Alors, que faisons-nous à partir de maintenant ? Si nous ne faisons rien, je suis convaincu que les tendances que nous observons vont s’aggraver. Les nouvelles technologies remettent déjà en question la façon dont nous régulons la monnaie, dont nous protégeons les consommateurs de la fraude. Et avec l’émergence de l’IA, la désinformation va devenir plus sophistiquée.

En tant que citoyens, nous devons prendre sur nous de devenir de meilleurs consommateurs de nouvelles, en regardant les sources, en réfléchissant avant de partager et en apprenant à nos enfants à devenir des penseurs critiques qui savent évaluer les sources et séparer l’opinion des faits. (...) Nous devons trouver des moyens de donner aux jeunes et au reste d’entre nous, la possibilité de développer des muscles civiques. Et nous devons trouver comment le faire, non seulement dans le monde réel, mais aussi sur les plateformes virtuelles où les jeunes passent du temps. (...)

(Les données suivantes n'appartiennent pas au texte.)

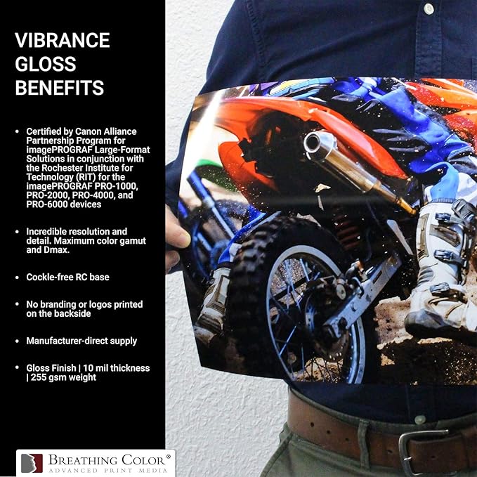 - ✔️ YOUR PHOTOS DESERVE TO LOOK THEIR BEST. You’ve probably spent much of your hard-earned money on your camera, lenses, lighting, tripods, and other high-end digital equipment to get that perfect shot. When it comes to your printing paper, cutting corners is NOT an option!. If you want a premium glossy photo paper that has been made with as much love and passion as you put into your photography, look no further than Breathing Color’s Vibrance Gloss.

Le signe écrit à la main était un outil. La télévision est un outil. L’Internet est un outil. Les médias sociaux sont un outil. En fin de compte, les outils ne nous contrôlent pas. Nous les contrôlons, et nous pouvons les remodeler. C’est à chacun d’entre nous de décider de ses valeurs, puis d’utiliser les outils qui nous ont été donnés pour les promouvoir. Et je crois que nous devrions utiliser tous les outils à notre disposition pour garantir notre plus grand cadeau, un gouvernement de, par, pour le peuple pour les générations à venir.